Top of Data extract
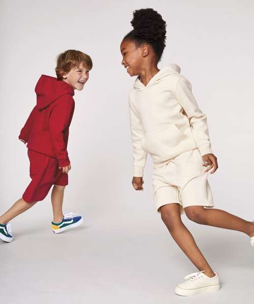 Kids jogger shorts with self-fabric elastic waistband and round drawcords in matching body colour with metal tipping. Embroidered eyelets.
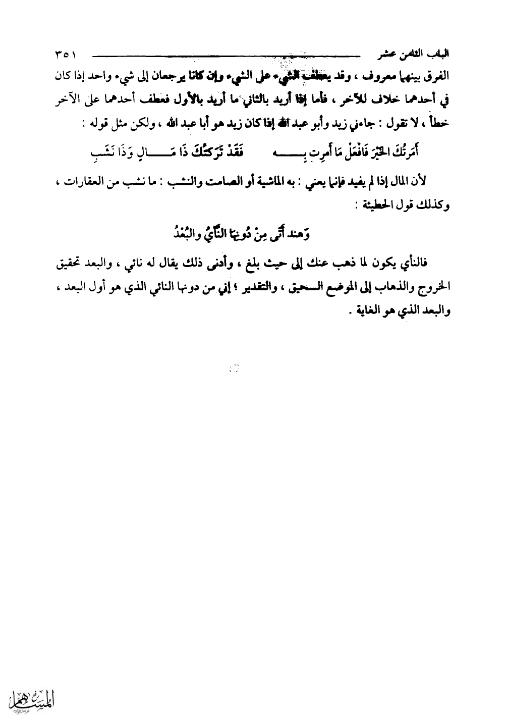 الفرق بينهما معروف، وقد يعطف الشيء على الشيء وإن كانا يرجعان إلى شيء واحد إذا كان في أحدهما خلاف للآخر، فأما إذا أريد بالثاني ما أريد بالأول فعطف أحدهما على الآخر خطأ، لا تقول: جاءني زيد وأبو عبد الله إذا كان زيد هو أبا عبد الله، ولكن مثل قوله:
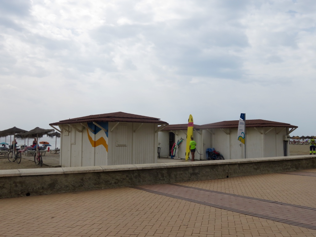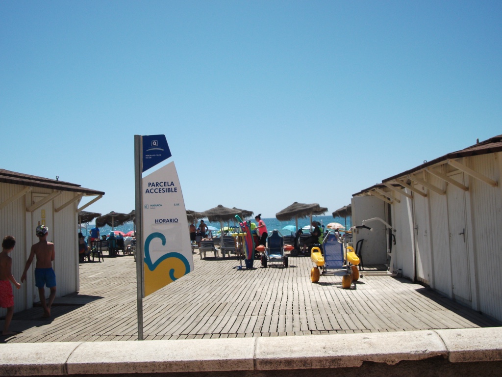 This ‘parcela accessible’ is located in Fuengirola by beach marker 16; you can follow the signed markers down the seafront easily or make use of the many disabled parking bays opposite to this area. The area is fully covered in wooden boarding so you can wheel a normal wheelchair onto the area and down the walkway which almost reaches the sea. There were two beach buildings; one which contained a male and female disabled accessible changing room/ toilet and the other which stored the access equipment and served as an office for the lifeguards on duty. There were shower facilities by these beach buildings that anyone could use to cool down or wash off salt and sand.![]()
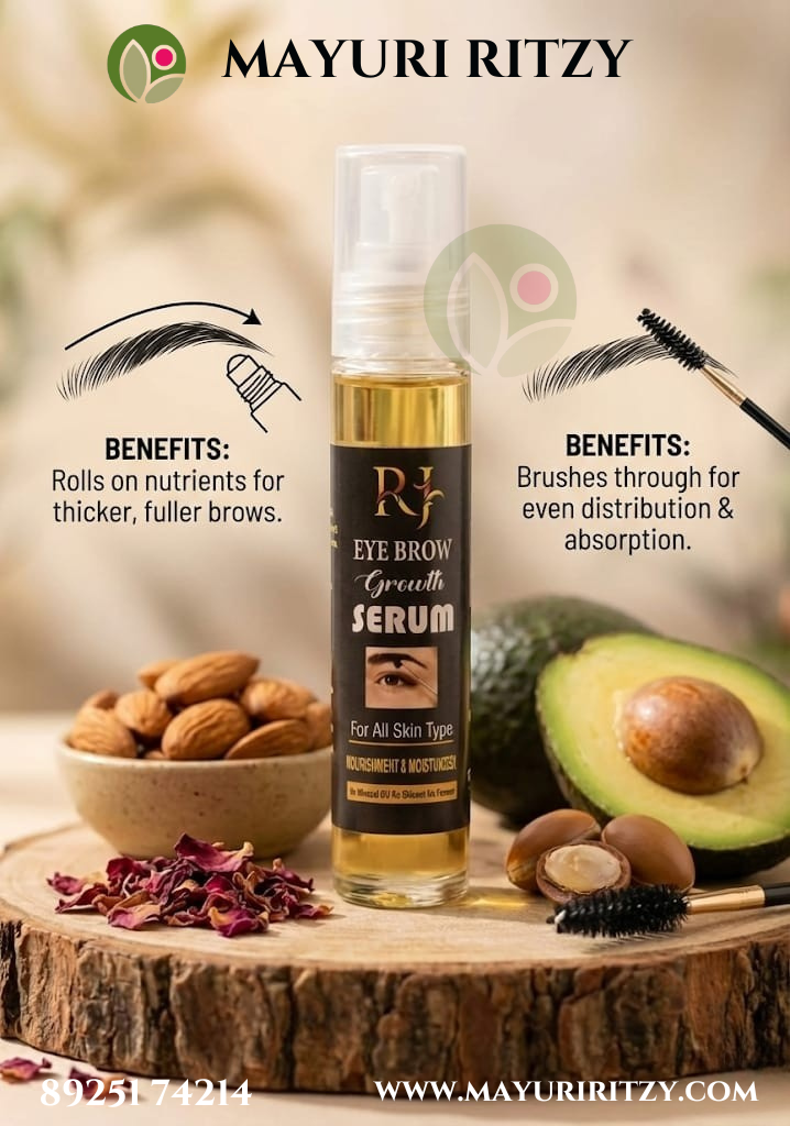 Mayuri Ritzy Eyebrow Growth Serum is a natural formula designed to support thicker, fuller, and healthier-looking eyebrows. It helps nourish the hair roots and improve the appearance of thin or sparse brows with regular use.
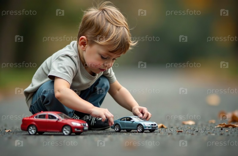 Ребенок играет с игрушечной моделью автомобиля, дети раскрашивают игрушки. Генеративный искусственный интеллект
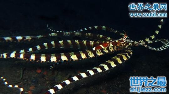 还有一种章鱼,长相酷似拟态章鱼,但不具备拟态章鱼那种超高的生物拟态本领,它叫Wonderpus。 他们身上的花纹与拟态章鱼很象,只是呈棕色。这种章鱼是拟态章鱼的近亲。但是本领没有拟态章鱼的高,下次大家发现这类章鱼的话可不要弄错了。
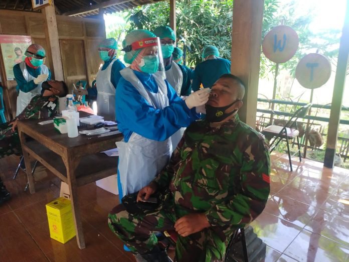 ACTUALNEWS.ID, Sukoharjo – (15/09/21) Menyikapi belum usainya Pandemi Covid 19 di wilayah Kabupaten Sukoharjo, Satgas TMMD Reguler Kodim 0726/Sukoharjo di desa Majasto yang baru tiba menjalani serangkaian test Swab sebelum secara resmi mulai melaksanakan tugasnya.
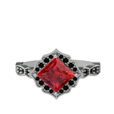 Garnet ve siyah zirkon 8 ayar beyaz altın yüzük
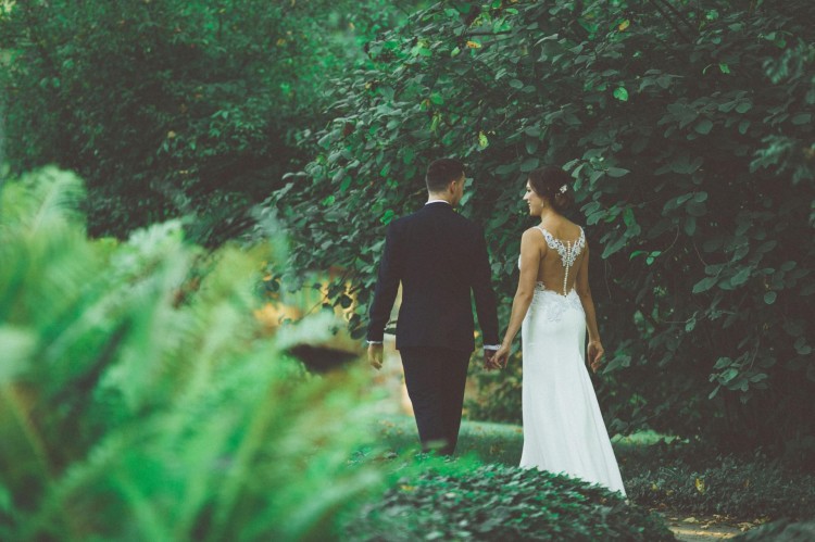 Na plecach znajdują się guziczki i koronka w górnej części co powoduje, że plecy są pięknie wyeksponowane. Suknia subtelnie podkreśla talię i bardzo dobrze leży.
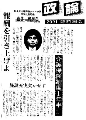毎週、会合を開き、介護報酬などの介護保険の見直し論議をしています。 9月以降は、毎週、ホームヘルパー、ケアマネージャー、グループホーム、特別養護老人ホーム、老人保健施設、療養型病床の当事者を順に招き、厚生労働省の介護保険担当者数人も含めて、議論を重ねました。 2002年7月頃には、介護報酬の見直しのメドを厚生労働省が発表する予定ですが、介護報酬を議論する厚生労働省の分科会には、ケアマネージャー、ホームヘルパー、グループホームなどの現場の当事者が含まれていません。 2002年には、介護保険チームが中心になって、民主党としての介護保険の見直し案を提言する予定です。
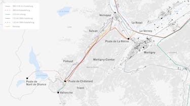 Im Rahmen dieses Projekts wurde das Pumpspeicherkraftwerk Nant de Drance an das Höchstspannungs-netz angeschlossen. Der Anschluss des Kraftwerks ist in drei Leitungsabschnitte unterteilt:
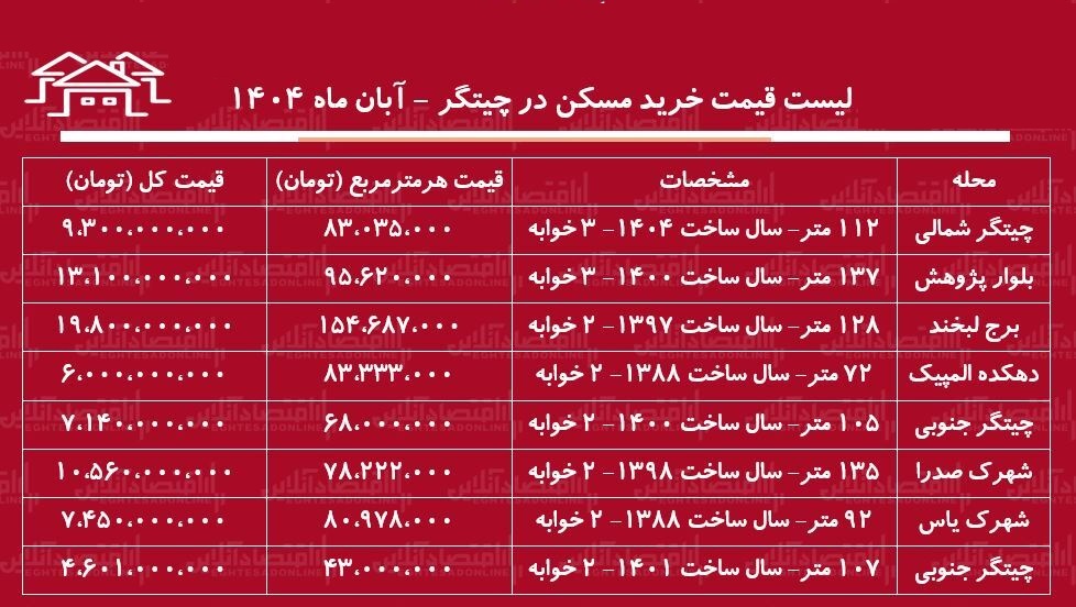 واحد دیگری در «چیتگر جنوبی» به متراژ ۱۰۵ متر دو خوابه با سال ساخت ۱۴۰۰، با قیمت ۷ میلیارد و ۱۴۰ میلیون تومان معامله میشود. همچنین، یک واحد ۱۳۷ متری سه خوابه با سال ساخت ۱۴۰۰ در «بلوار پژوهش» ۱۳ میلیارد و ۱۰۰ میلیون تومان قیمتگذاری شده است.
Bottom of Data extract
The data above must be given again in full and unaltered, minus its images.

 Kids jogger shorts with self-fabric elastic waistband and round drawcords in matching body colour with metal tipping. Embroidered eyelets.
 الفرق بينهما معروف، وقد يعطف الشيء على الشيء وإن كانا يرجعان إلى شيء واحد إذا كان في أحدهما خلاف للآخر، فأما إذا أريد بالثاني ما أريد بالأول فعطف أحدهما على الآخر خطأ، لا تقول: جاءني زيد وأبو عبد الله إذا كان زيد هو أبا عبد الله، ولكن مثل قوله:
 This ‘parcela accessible’ is located in Fuengirola by beach marker 16; you can follow the signed markers down the seafront easily or make use of the many disabled parking bays opposite to this area. The area is fully covered in wooden boarding so you can wheel a normal wheelchair onto the area and down the walkway which almost reaches the sea. There were two beach buildings; one which contained a male and female disabled accessible changing room/ toilet and the other which stored the access equipment and served as an office for the lifeguards on duty. There were shower facilities by these beach buildings that anyone could use to cool down or wash off salt and sand.![]()
 Mayuri Ritzy Eyebrow Growth Serum is a natural formula designed to support thicker, fuller, and healthier-looking eyebrows. It helps nourish the hair roots and improve the appearance of thin or sparse brows with regular use.
 Ребенок играет с игрушечной моделью автомобиля, дети раскрашивают игрушки. Генеративный искусственный интеллект
 还有一种章鱼,长相酷似拟态章鱼,但不具备拟态章鱼那种超高的生物拟态本领,它叫Wonderpus。 他们身上的花纹与拟态章鱼很象,只是呈棕色。这种章鱼是拟态章鱼的近亲。但是本领没有拟态章鱼的高,下次大家发现这类章鱼的话可不要弄错了。
 ACTUALNEWS.ID, Sukoharjo – (15/09/21) Menyikapi belum usainya Pandemi Covid 19 di wilayah Kabupaten Sukoharjo, Satgas TMMD Reguler Kodim 0726/Sukoharjo di desa Majasto yang baru tiba menjalani serangkaian test Swab sebelum secara resmi mulai melaksanakan tugasnya.
 Garnet ve siyah zirkon 8 ayar beyaz altın yüzük
 Na plecach znajdują się guziczki i koronka w górnej części co powoduje, że plecy są pięknie wyeksponowane. Suknia subtelnie podkreśla talię i bardzo dobrze leży.
毎週、会合を開き、介護報酬などの介護保険の見直し論議をしています。 9月以降は、毎週、ホームヘルパー、ケアマネージャー、グループホーム、特別養護老人ホーム、老人保健施設、療養型病床の当事者を順に招き、厚生労働省の介護保険担当者数人も含めて、議論を重ねました。 2002年7月頃には、介護報酬の見直しのメドを厚生労働省が発表する予定ですが、介護報酬を議論する厚生労働省の分科会には、ケアマネージャー、ホームヘルパー、グループホームなどの現場の当事者が含まれていません。 2002年には、介護保険チームが中心になって、民主党としての介護保険の見直し案を提言する予定です。
 Im Rahmen dieses Projekts wurde das Pumpspeicherkraftwerk Nant de Drance an das Höchstspannungs-netz angeschlossen. Der Anschluss des Kraftwerks ist in drei Leitungsabschnitte unterteilt:
 واحد دیگری در «چیتگر جنوبی» به متراژ ۱۰۵ متر دو خوابه با سال ساخت ۱۴۰۰، با قیمت ۷ میلیارد و ۱۴۰ میلیون تومان معامله میشود. همچنین، یک واحد ۱۳۷ متری سه خوابه با سال ساخت ۱۴۰۰ در «بلوار پژوهش» ۱۳ میلیارد و ۱۰۰ میلیون تومان قیمتگذاری شده است.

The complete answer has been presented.